La semaine dernière, nous avons vu les efforts des compagnies pharmaceutiques pour nous convaincre que les médicaments offrent la meilleure avenue de prévention des grandes maladies (Des médicaments à vie pour les bienportants?). Cet argument n’est, malgré une science intéressante, qu’un argument de marketing puissant.

Mais devant les maladies dévastatrices que sont cancers, maladies cardiaques et autres, que pouvons nous réellement faire? Y a-t-il moyen de réduire les risques de maladies chroniques et d’améliorer la qualité de vie sans avoir à subir d’effets secondaires ni faire de ponction dans notre portefeuille (personnel ou étatique)?

Oui, ça se peut!

La détection précoce apporte-t-elle la réponse?

La tendance est à la mise en place de stratégies pour rendre les tests les plus sensibles accessibles au plus grand nombre de gens. Le but avoué est de détecter le plus tôt possible les premières traces d’une maladie pour que le traitement soit plus efficace, probablement moins long, et moins difficile pour le patient. (voir aussi Prévention ou détection précoce?)

Il est facile de supporter scientifiquement de telles campagnes parce que les études ont été faites. On connaît les taux de succès des interventions. On connaît aussi la différence entre le coût d’un traitement précoce et celui d’un traitement tardif. Mais, il y a un MAIS. Ces stratégies ont un coût très important. On sauve sur le coût du traitement, c’est vrai, mais on doit effectuer des tests sur un nombre beaucoup plus élevé de patients. De plus, il faut évidemment avoir les machines les plus récentes, les spécialistes les mieux formés, les installations de haute technologie les plus à jour (les CHUM de ce monde), bref, beaucoup de $$$.

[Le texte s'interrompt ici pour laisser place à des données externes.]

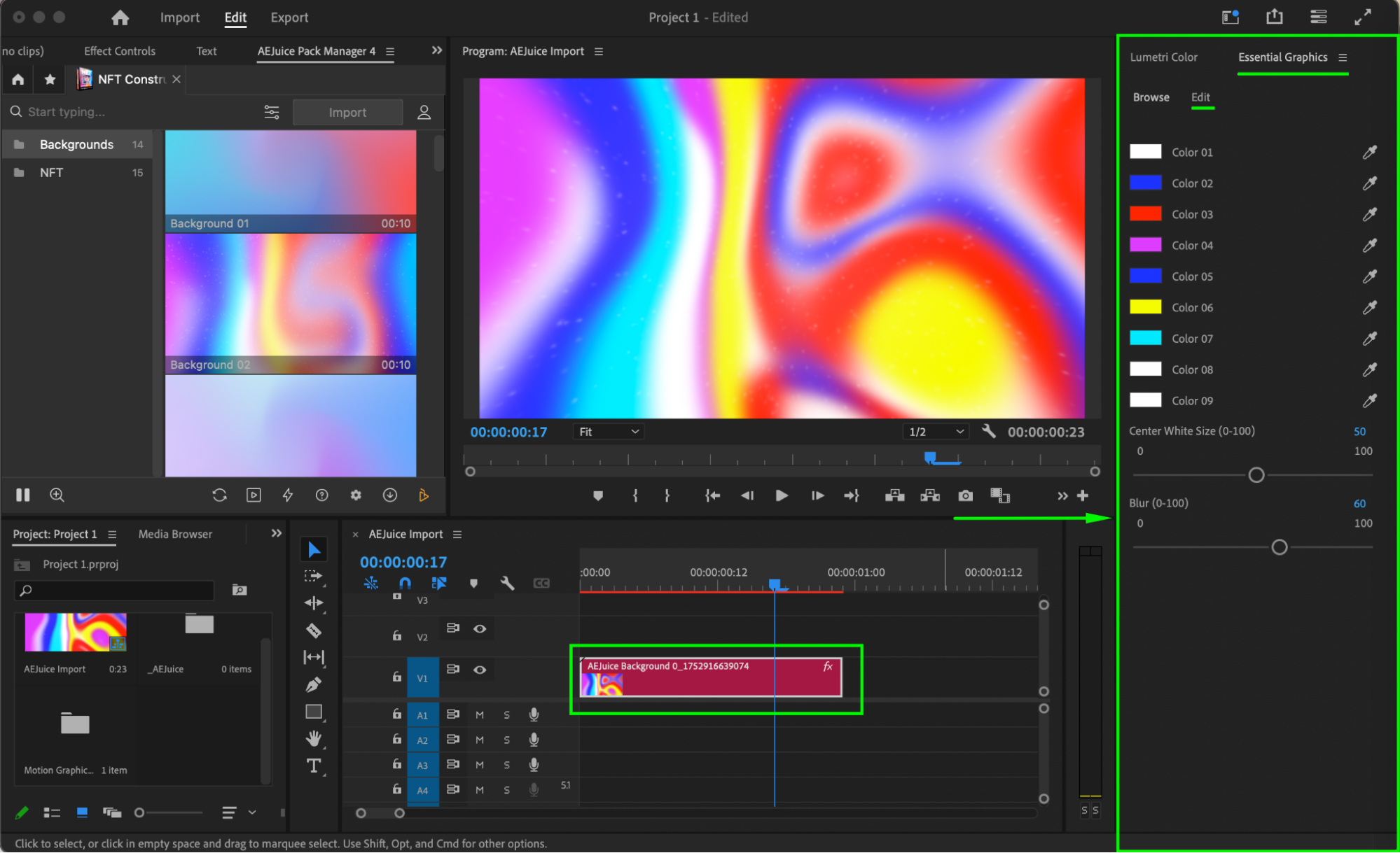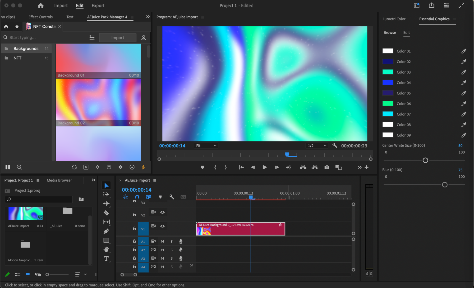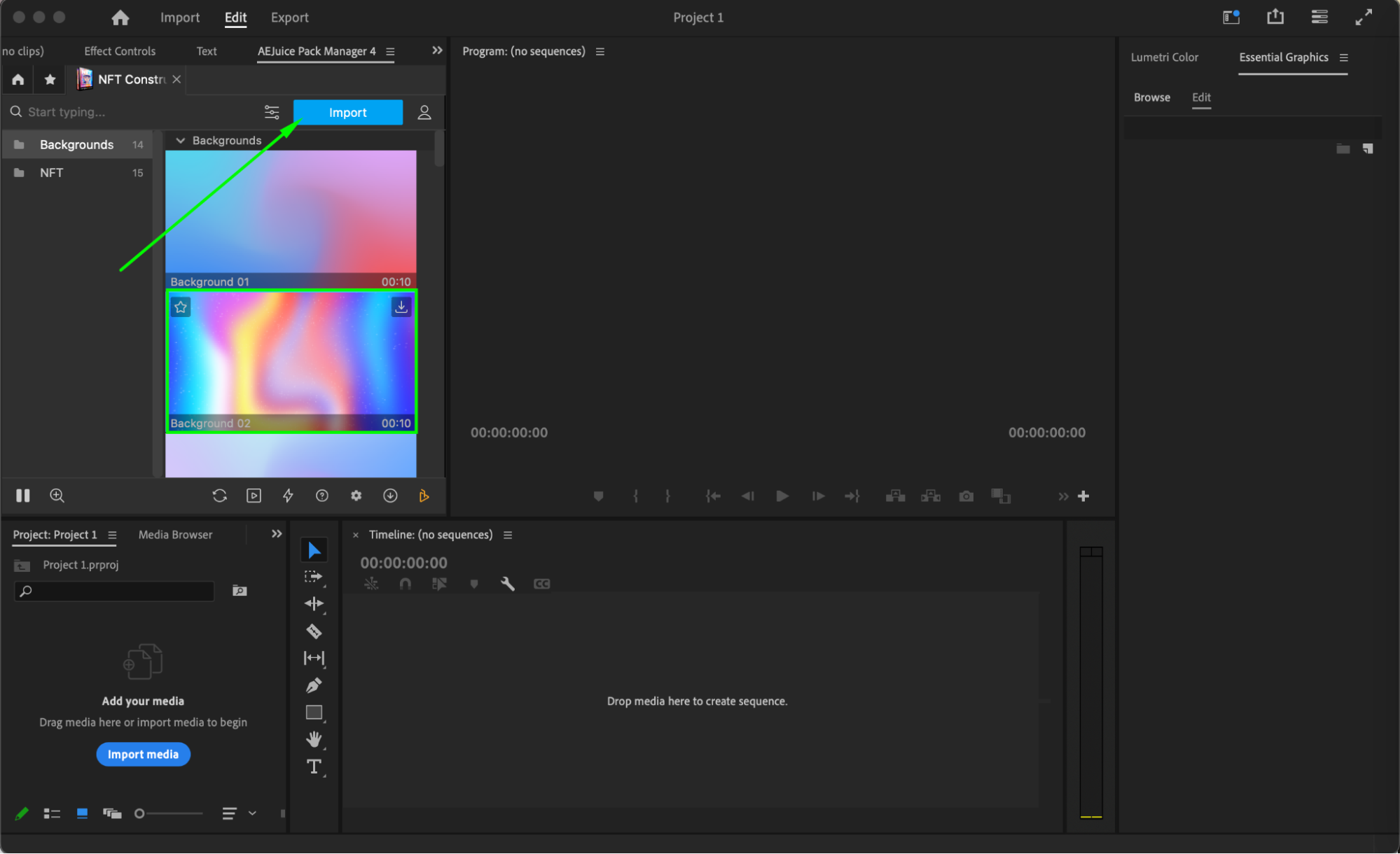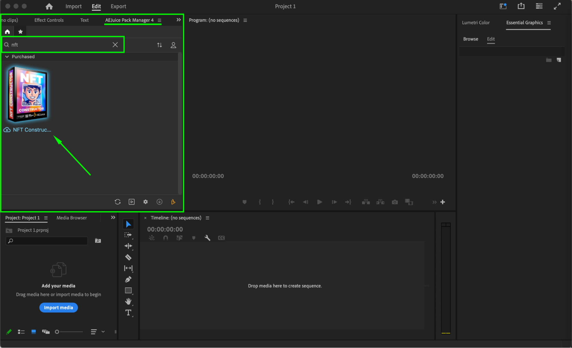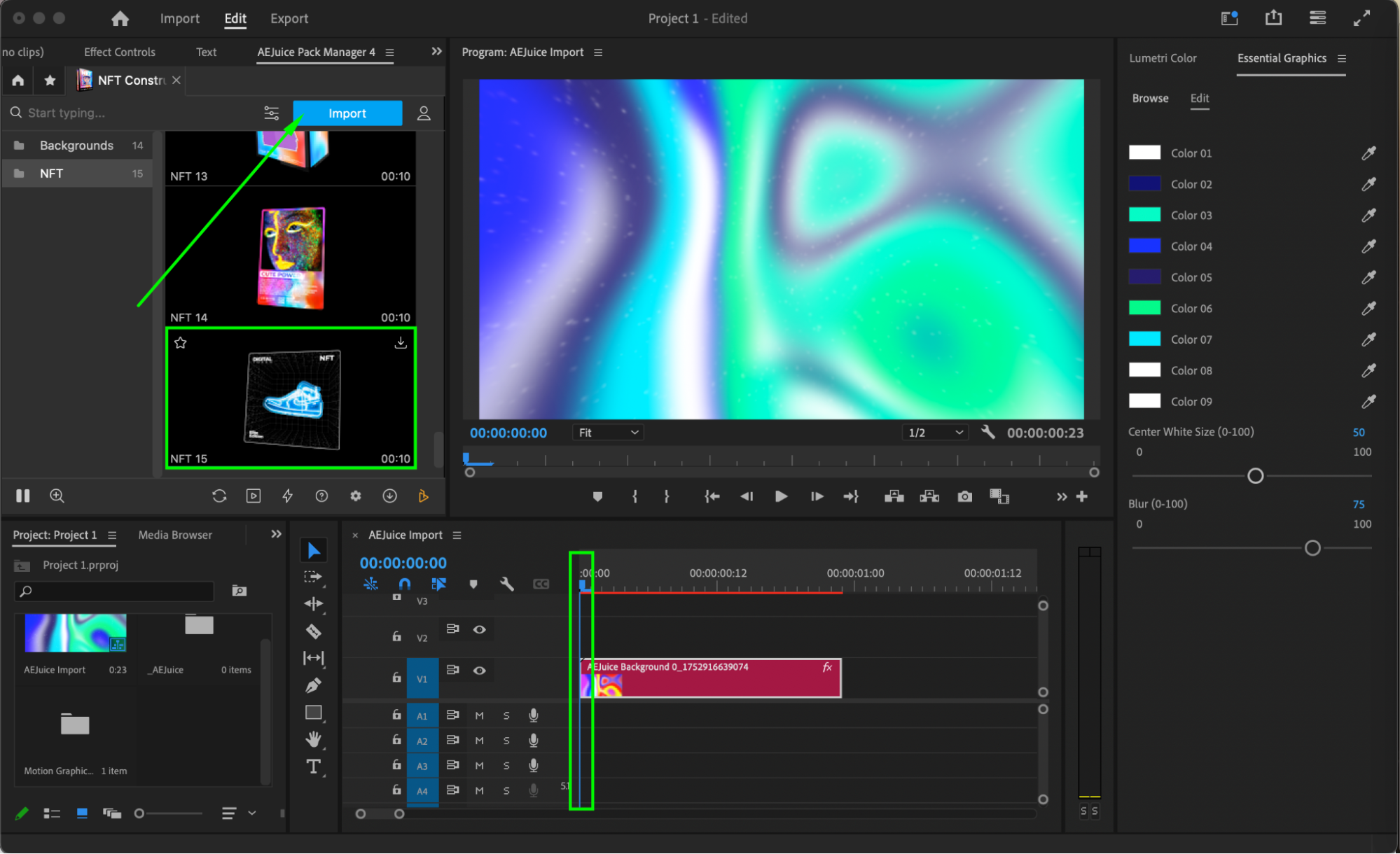 Inside AEJuice Pack Manager, scroll or search to find the NFT Constructor pack. Click on it to open. If it’s not installed yet, you’ll see a download button. Click it and wait for the pack to install. Step 4: Import a Background
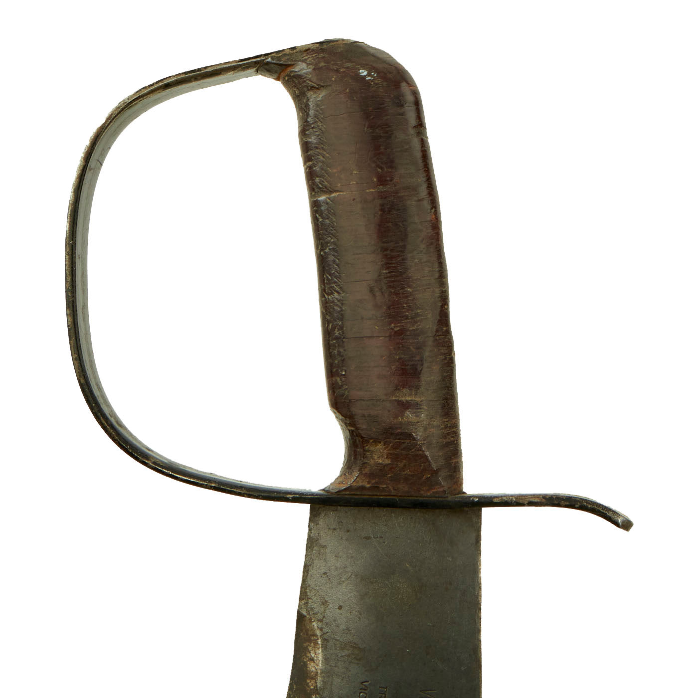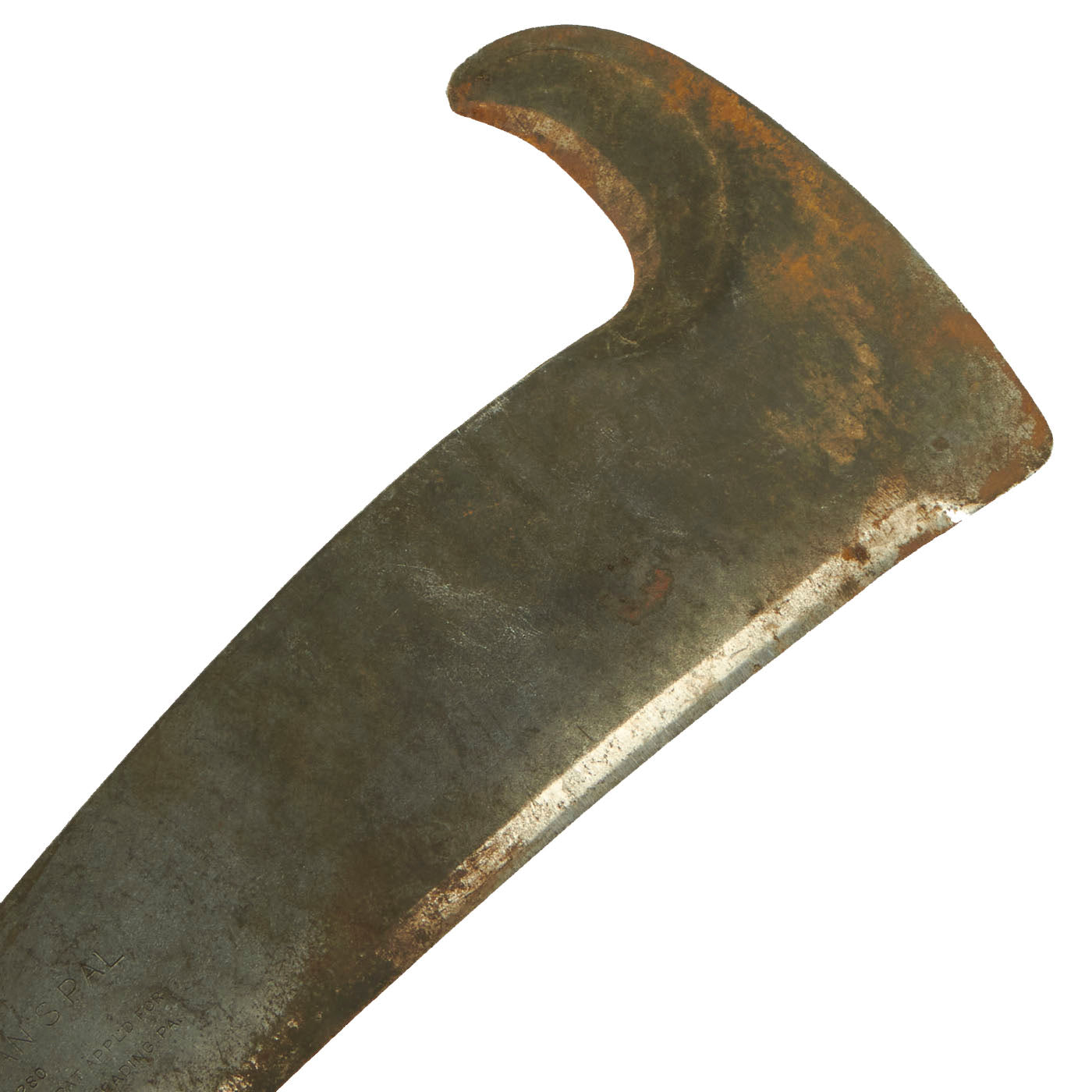 The LC-14-B Woodman's Pal served through the Vietnam War and is still part of the military inventory of edged tools in the 21st Century. This example is in great unused condition, with little wear and corrosion from long storage. The edges are all still solid, with no chipping. The stacked leather handle is intact, and in great shape.
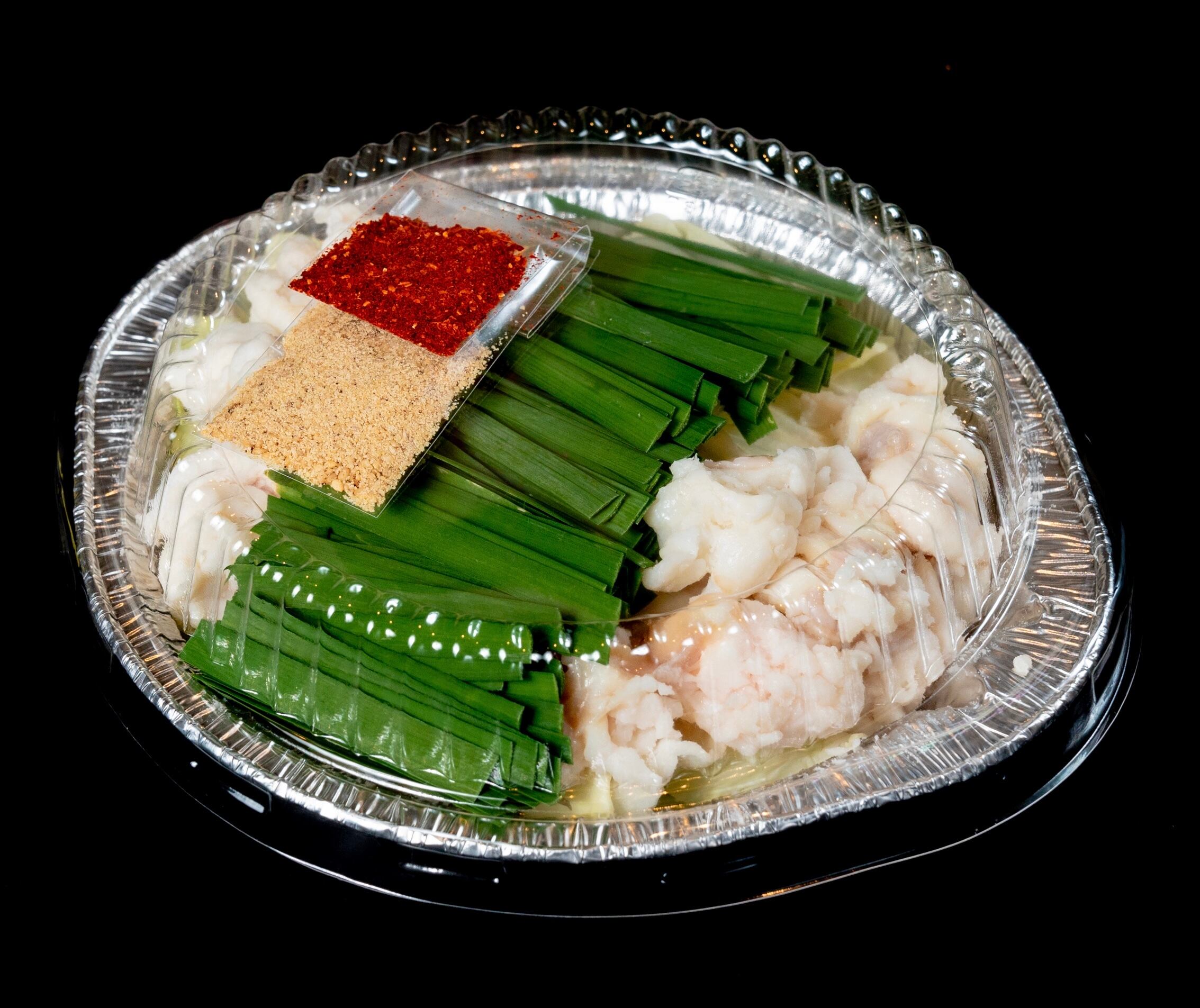 牛もつ(国産牛の小腸のみを使用) 、キャベツ、ニラ、ごぼう、鍋だし、ちゃんぽん麺200g×1玉、薬味(唐辛子・ゴマ) 約620g
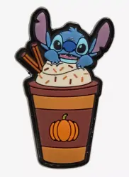Stitch Pumpkin Spice Latte Scented is an Open Edition pin from the Hot Topic - Lilo & Stitch pin series. It was originally released on , 2025 and was available from Loungefly .

Tout comme pour la prise de médicaments en prévention, le jugement du médecin est important pour éviter de faire inutilement passer des tests (parfois invasifs, souvent néfastes pour la santé, toujours désagréables) à des personnes dont le risque de développer la maladie est minime.

Évidemment, si vos parents sont décédés du cancer, que vous fumez, que vous êtes stressés, que vous mangez mal, et que vous avez 50 ans ou plus, allez passer des tests! Dans votre cas, la détection précoce est un incontournable. Par contre, si vous n’avez aucun facteur de risque, sauf peut-être l’âge (à partir de 50 ans, on vous considère à risque de toutes les maladies associées au vieillissement), la détection précoce vous entraine dans un engrenage infernal. Soit vous vous soumettez et entrez dans la machine à tests avec les rendez-vous, la perte de temps, le stress et l’angoisse d’attendre les résultats, soit vous refusez, dans quel cas on vous considère comme un malotru, un paria. On tente alors de vous implanter le doute à l’aide d’un discours plus émotionnel que scientifique… Les femmes qui ont déjà refusé de subir une mammographie savent de quoi je parle…

Et la vraie prévention?

Selon les différentes sources, les maladies chroniques sont dues en très grande partie à nos habitudes de vie. C’est là où on peut agir de façon efficace. L’intérêt majeur de travailler sur les habitudes de vie est que l’effet secondaire de cette approche est une amélioration de la qualité de vie globale, et non un effet adverse négatif, comme avec les médicaments. D’ailleurs, une étude effectuée sur plus de 2000 personnes a évalué l’impact de 4 facteurs:

· tabagisme: ne jamais avoir fumé = 1 point;

· poids: ne pas être obèse (IMC < 30) = 1 point;

· activité physique: 3,5 heures par semaine ou plus = 1 point;

· alimentation: beaucoup de fruits et légumes, grains entiers, peu de viande = 1 point.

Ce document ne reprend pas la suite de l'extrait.